INPUT DATA:
+ + + + + + +
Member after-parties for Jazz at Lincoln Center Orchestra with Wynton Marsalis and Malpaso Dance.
+ + + + + + +
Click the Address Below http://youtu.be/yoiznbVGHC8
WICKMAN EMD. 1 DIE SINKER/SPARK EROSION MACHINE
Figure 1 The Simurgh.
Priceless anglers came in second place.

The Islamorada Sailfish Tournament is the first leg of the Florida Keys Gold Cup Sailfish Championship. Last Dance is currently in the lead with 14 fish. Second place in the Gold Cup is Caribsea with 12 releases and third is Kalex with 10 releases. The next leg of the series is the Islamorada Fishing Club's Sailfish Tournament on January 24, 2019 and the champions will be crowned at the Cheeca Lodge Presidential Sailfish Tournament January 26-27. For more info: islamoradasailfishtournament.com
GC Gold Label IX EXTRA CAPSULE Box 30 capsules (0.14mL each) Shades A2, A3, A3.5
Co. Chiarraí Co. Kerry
+ + + + + + +
BRIEF: In the material above, find the line containing "Priceless anglers came in second place." and the line containing "Co. Chiarraí Co. Kerry", then write out exactly those two lines and every line between them, and nothing more.

COMPLETED EXERCISE:
Priceless anglers came in second place.

The Islamorada Sailfish Tournament is the first leg of the Florida Keys Gold Cup Sailfish Championship. Last Dance is currently in the lead with 14 fish. Second place in the Gold Cup is Caribsea with 12 releases and third is Kalex with 10 releases. The next leg of the series is the Islamorada Fishing Club's Sailfish Tournament on January 24, 2019 and the champions will be crowned at the Cheeca Lodge Presidential Sailfish Tournament January 26-27. For more info: islamoradasailfishtournament.com
GC Gold Label IX EXTRA CAPSULE Box 30 capsules (0.14mL each) Shades A2, A3, A3.5
Co. Chiarraí Co. Kerry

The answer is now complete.